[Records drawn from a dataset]
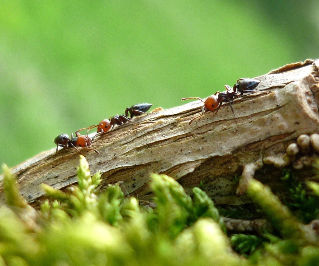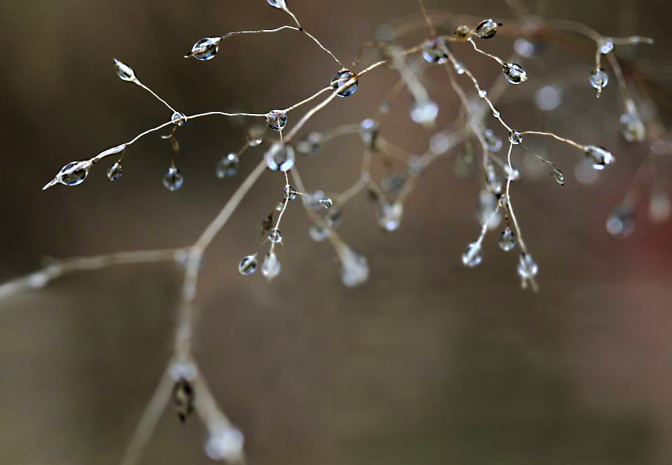 Delle formiche che fanno su e giรน dal loro formicaio a delle gocce d’acqua che diventano gioielli sopra un filo di erba secca.
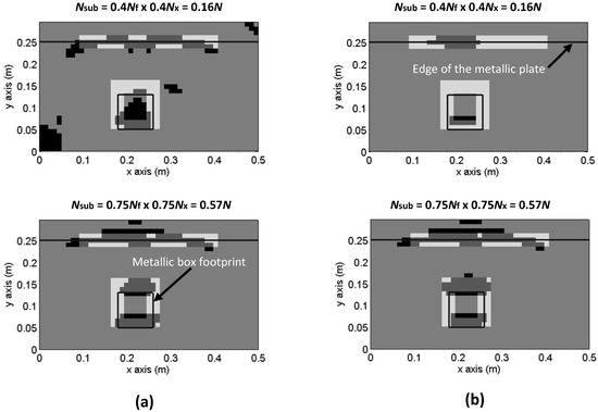 Evaluation of Compressed Sensing images quality. Pixelized CS-TV image and mask representing the metallic box footprint and the opposite edge of the metallic plate. (a) Results using Figure 4a sampling scheme (random sampling); (b) Results using Figure 4b sampling scheme (partial random sampling).
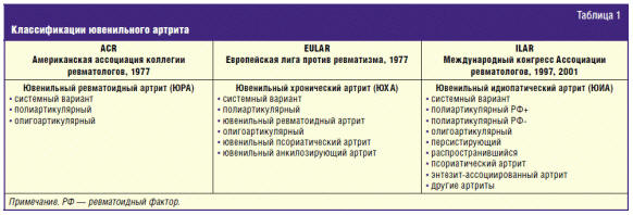 League of Associations for Rheumatology, ILAR, 2001, 2004), ЮИА включает
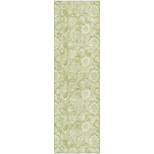 Mayfield Premium Machine Washable Abstract AMF1939 Sage 2 ft. x 7 ft. Runner Rug
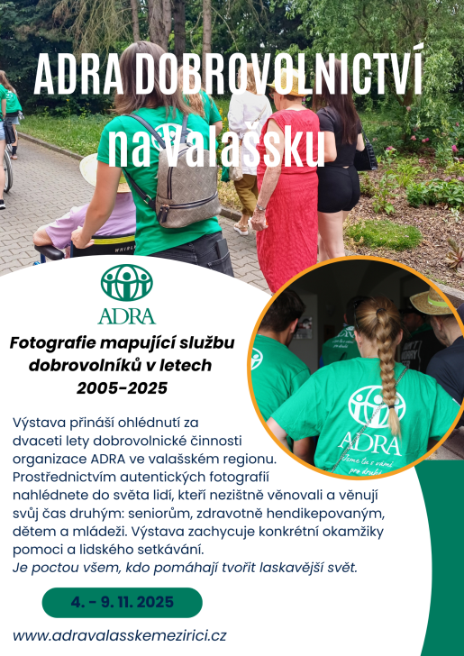 Val. Meziříčí – Dobrovolnické centrum ADRA Valašské Meziříčí slaví letos 20 let. Při této příležitosti pro veřejnost připravujeme v týdnu 3. – 9. listopadu výstavu o dobrovolnictví v zámku Kinských a 4. listopadu pořádáme pod záštitou města Valašské Meziříčí „Dobroden pro Valmez“.
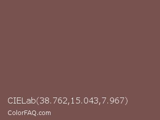 CIELab 38.762,15.043,7.967 Color is a normal red color and the nearest color is Ferra #704f50. Hex code #77524f and RGB value is rgb(119,82,79). In RGB color space, this color is composed of 47% red, 32% green, 31% blue, In CMYK color space, this color is composed of 0% cyan, 31% magenta, 34% yellow , 53% black , In HSL color space, this color has a hue angle of 5° , 20% saturation and 39% lightness.
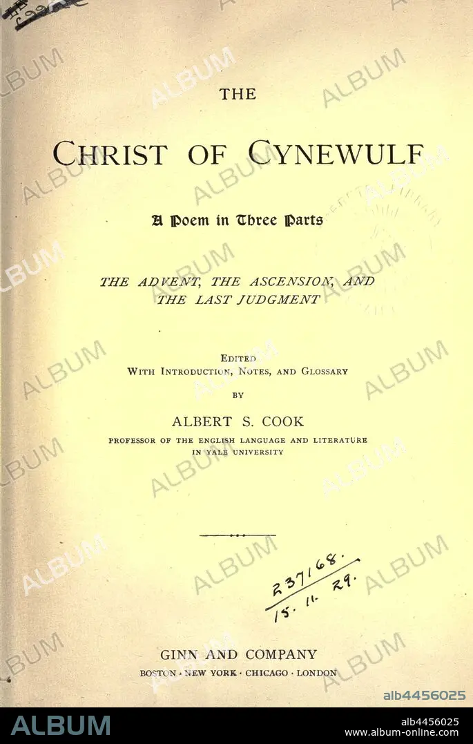 Caption: The Christ; a poem in three parts: The advent, The ascension, and The judgment. Edited, with introd., notes, and glossary by Albert S. Cook : Cynewulf
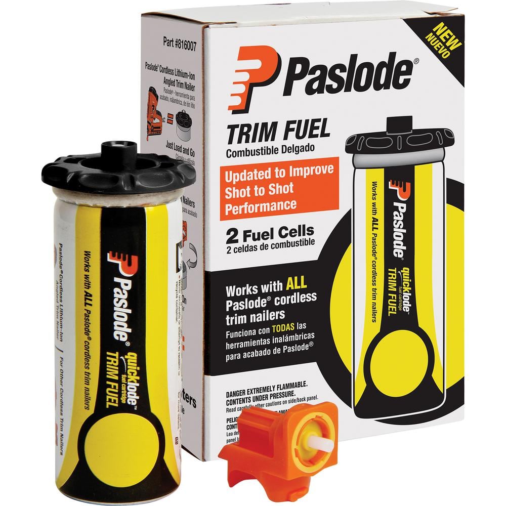 Paslode Universal Trim Fuel is the fuel your finish nailer needs for just pennies per shot. Paslode trim fuel cells give you the power to drive up to 1,200 nails. Each Paslode short yellow trim fuel 2-pack comes with two types of adapter heads to meet the needs of ALL Paslode finish nailers. And, the fuel works with most Hitachi and Bostitch Trim nailers.
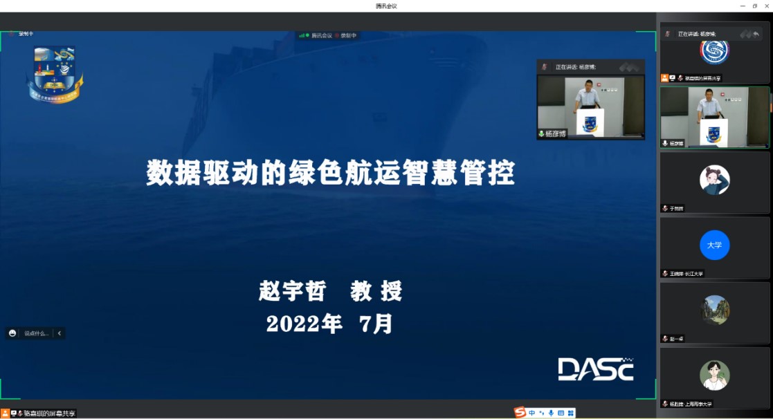 7月14日上午,中心导师赵宇哲教授和中心企业导师李长宏博士开展学术讲座,分别就《数据驱动的绿色港航智慧管控》、《多式联运平台化解决方案与实现路径》两个问题进行深入讲解。赵宇哲教授表示,当下应着眼于航运的绿色低碳发展,坚持数字赋能、智慧管理,为建设交通强国做出更大的贡献;李长宏博士指出,我国多式联运总量偏低、创新不足、整体结构不均衡、协同衔接效应较差等问题突出,我们应建立以铁路为主导的、数据驱动、基础设施互联、信息互通的多式联运平台,实现互联互通的供应链新生态。
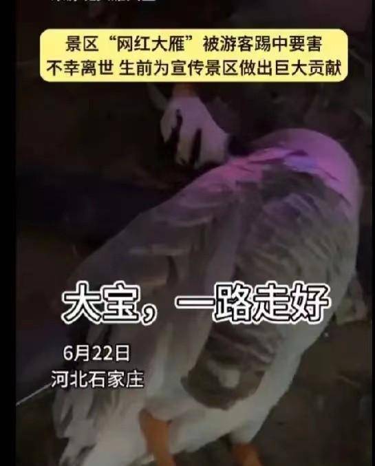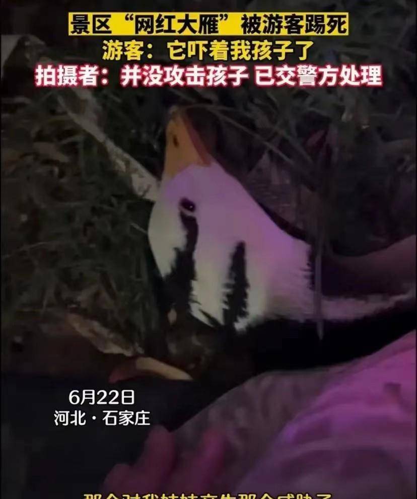 近日,一则关于网红大雁的新闻在社交媒体上疯传。这只大雁平日里与游客亲近,给石家庄的一处公园带来了无数人气,被赞誉为“网红大雁”。然而,就在6月22日,这只备受喜爱的大雁却被一名游客踢死,引发了广泛的关注和争议。
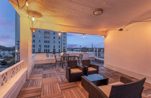 Multiple outdoor spaces create the perfect summer retreat. The private roof deck offers stunning views of Deal Lake and is ideal for alfresco dining and evening relaxation. A charming porch extends off the king bedroom, providing another vantage point to enjoy the lake views. For morning coffee and breakfast, a small intimate patio creates the perfect spot to start your day. The bright sunroom bridges indoor and outdoor living, allowing you to enjoy the surroundings year-round regardless of weather. The property's vintage character extends throughout these thoughtfully designed spaces with comfortable seating areas and tasteful landscaping.
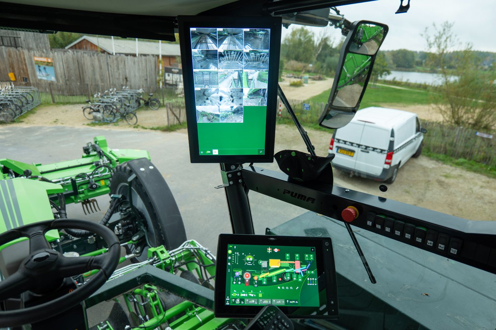Omdat machines steeds langere uren draaien, blinkt de gebruikerservaring uit in comfort, gebruiksgemak en geautomatiseerde functies. De nieuwe Claas X11-cabine van de AVR Puma biedt de bestuurder een comfortabele en intuïtieve werkomgeving. De ergonomische AVR-joystick ligt vlot in de hand en maakt bediening eenvoudiger dan ooit. Ook het bedieningsinterface en het camerasysteem kregen een grondige update: gebruiksvriendelijker, overzichtelijker en visueel aantrekkelijker. Alle camerabeelden worden nu weergegeven op één groot, helder display (tot 18 camera’s op één scherm) - voor maximale controle en veiligheid tijdens het werk.
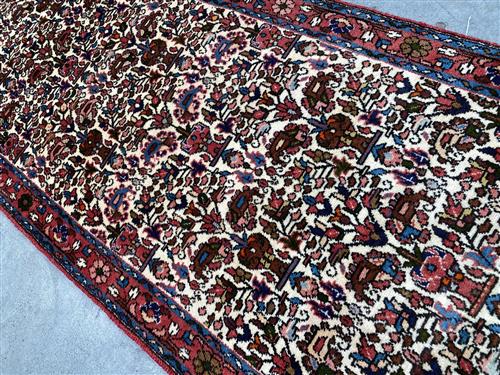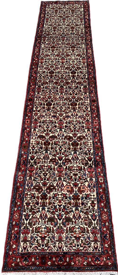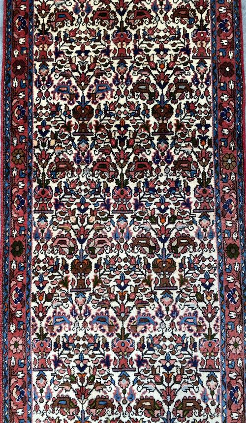 A NEW UNUSUAL PERSIAN RUDBAR WOOL HALL RUNNER. HAND-KNOTTED IN THE NORTHERN REGION OF PERSIA. PICTORIAL DESIGN OF REPEATING GARDEN URNS BEARING INTRICATE FLORAL FOLIAGE AND PAISLEY MOTIFS. BORDER OF FLOWER HEADS TENDRILS. IN EXCELLENT CONDITION. CERTIFICATE OF AUTHENTICITY AND ORIGIN ON REQUEST. ORIGIN: IRAN (383 X 77 CM) (PLEASE NOTE THERE MAY BE SOME COLOUR VARIATION FROM PHOTOGRAPH)
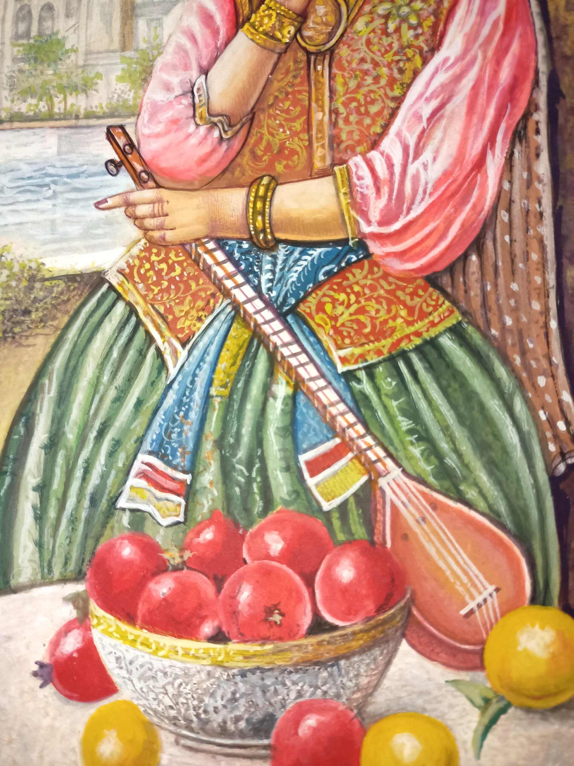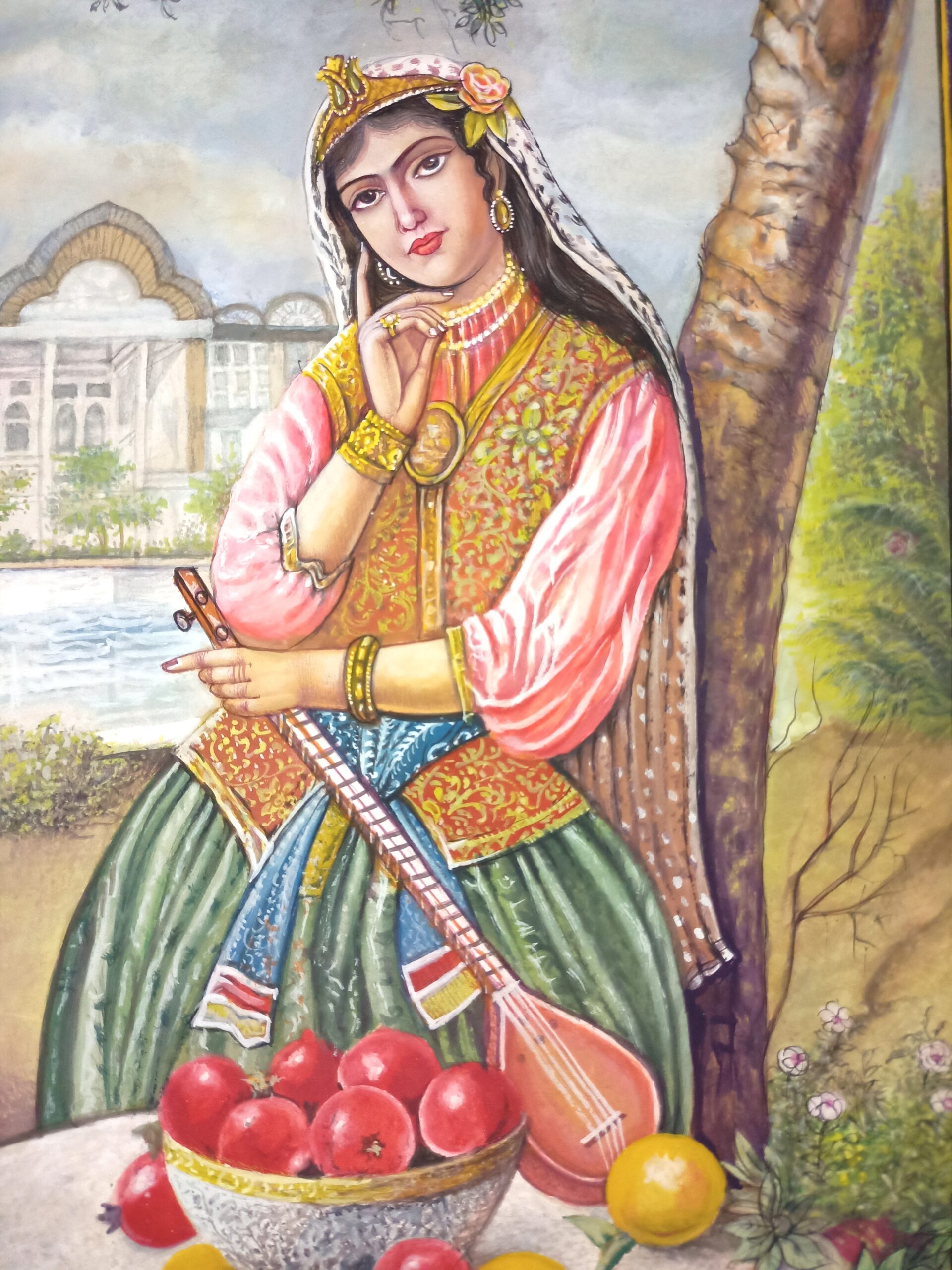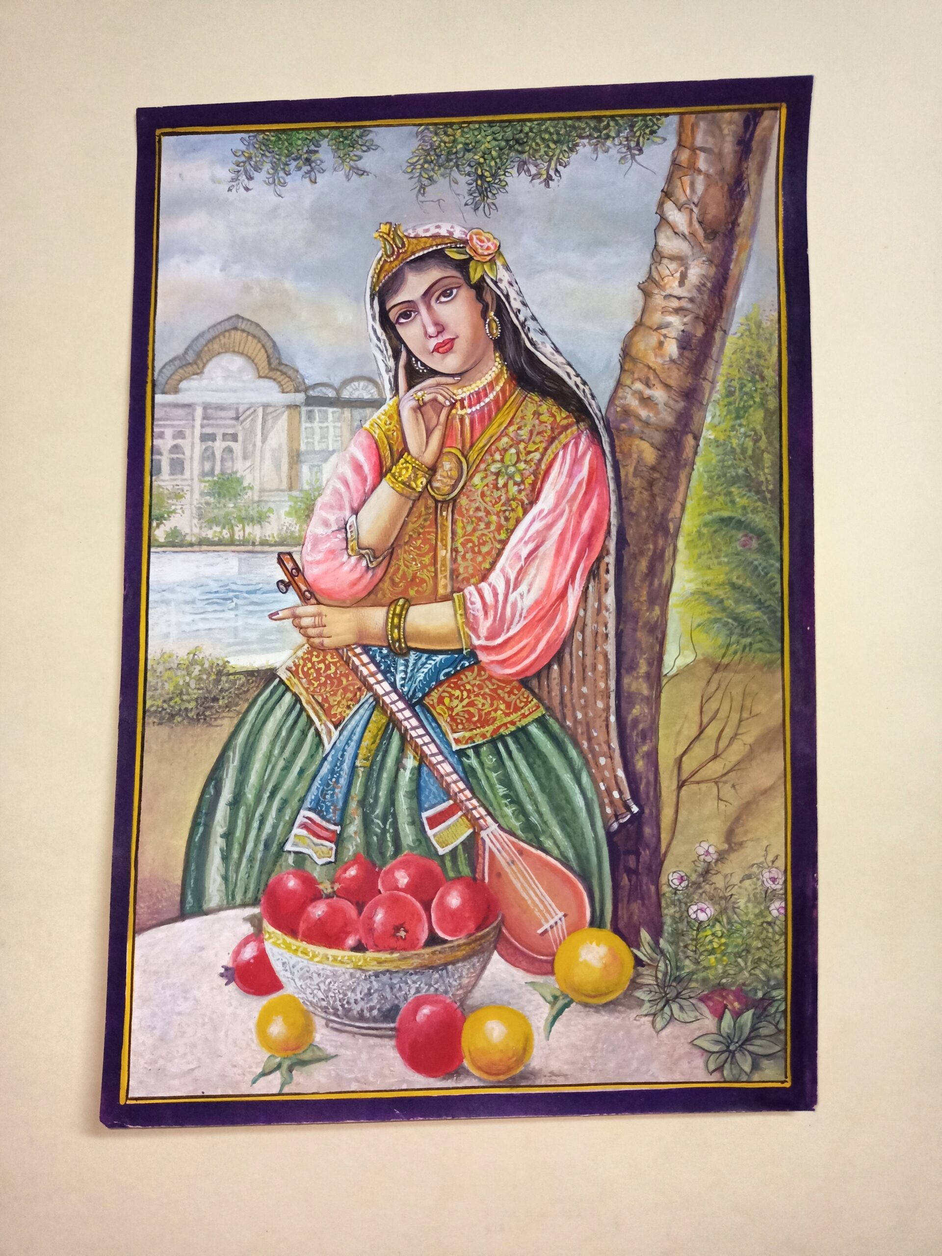 Ottoman Girl Portrait with Tar Handmade Miniature Painting on Paper
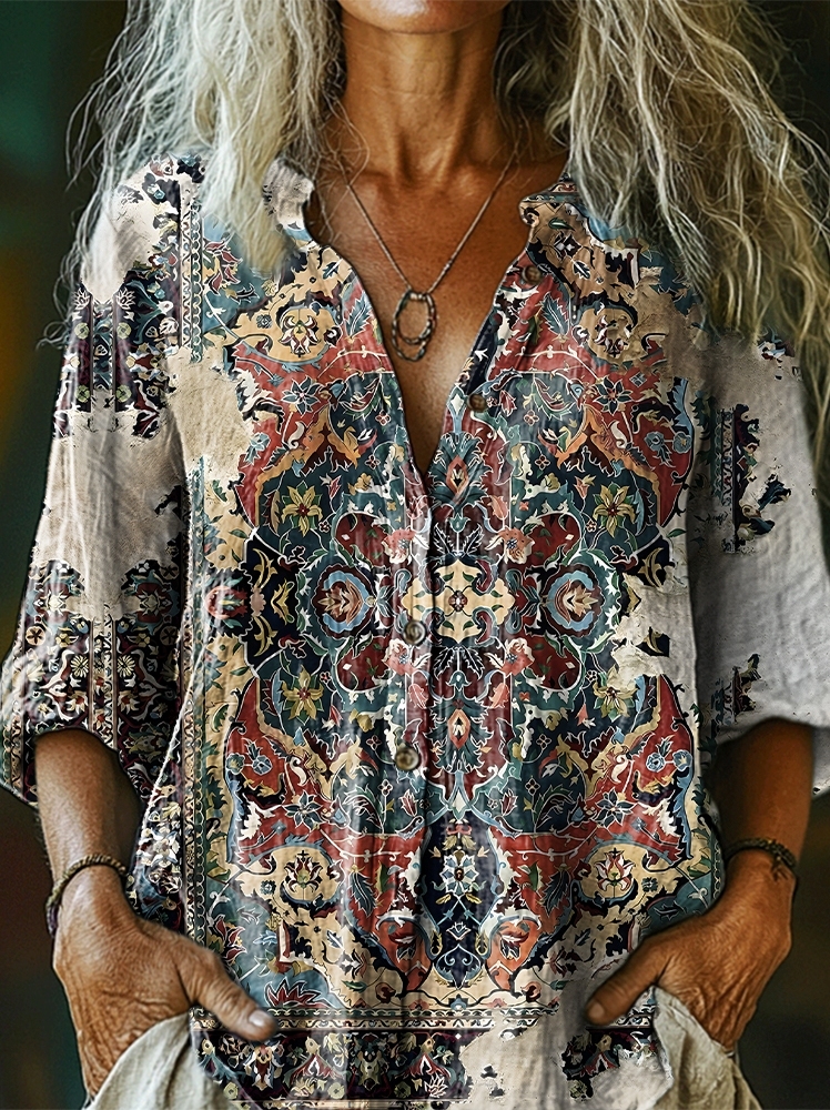 Women's Retro Ethnic Totem Art Print Casual Cotton And Linen Shirt
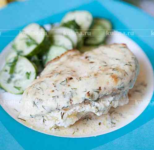Готовые куриные грудки, фаршированные ананасами разложить по тарелкам и подать к столу.Источник: Kulina.ru

## Exercise prompt
Write out exactly the lines from the one that contains "Omdat machines steeds" through the last line of the data above, both included. Leave every picture out.

## Exercise result
Omdat machines steeds langere uren draaien, blinkt de gebruikerservaring uit in comfort, gebruiksgemak en geautomatiseerde functies. De nieuwe Claas X11-cabine van de AVR Puma biedt de bestuurder een comfortabele en intuïtieve werkomgeving. De ergonomische AVR-joystick ligt vlot in de hand en maakt bediening eenvoudiger dan ooit. Ook het bedieningsinterface en het camerasysteem kregen een grondige update: gebruiksvriendelijker, overzichtelijker en visueel aantrekkelijker. Alle camerabeelden worden nu weergegeven op één groot, helder display (tot 18 camera’s op één scherm) - voor maximale controle en veiligheid tijdens het werk.
 A NEW UNUSUAL PERSIAN RUDBAR WOOL HALL RUNNER. HAND-KNOTTED IN THE NORTHERN REGION OF PERSIA. PICTORIAL DESIGN OF REPEATING GARDEN URNS BEARING INTRICATE FLORAL FOLIAGE AND PAISLEY MOTIFS. BORDER OF FLOWER HEADS TENDRILS. IN EXCELLENT CONDITION. CERTIFICATE OF AUTHENTICITY AND ORIGIN ON REQUEST. ORIGIN: IRAN (383 X 77 CM) (PLEASE NOTE THERE MAY BE SOME COLOUR VARIATION FROM PHOTOGRAPH)
 Ottoman Girl Portrait with Tar Handmade Miniature Painting on Paper
 Women's Retro Ethnic Totem Art Print Casual Cotton And Linen Shirt
Готовые куриные грудки, фаршированные ананасами разложить по тарелкам и подать к столу.Источник: Kulina.ru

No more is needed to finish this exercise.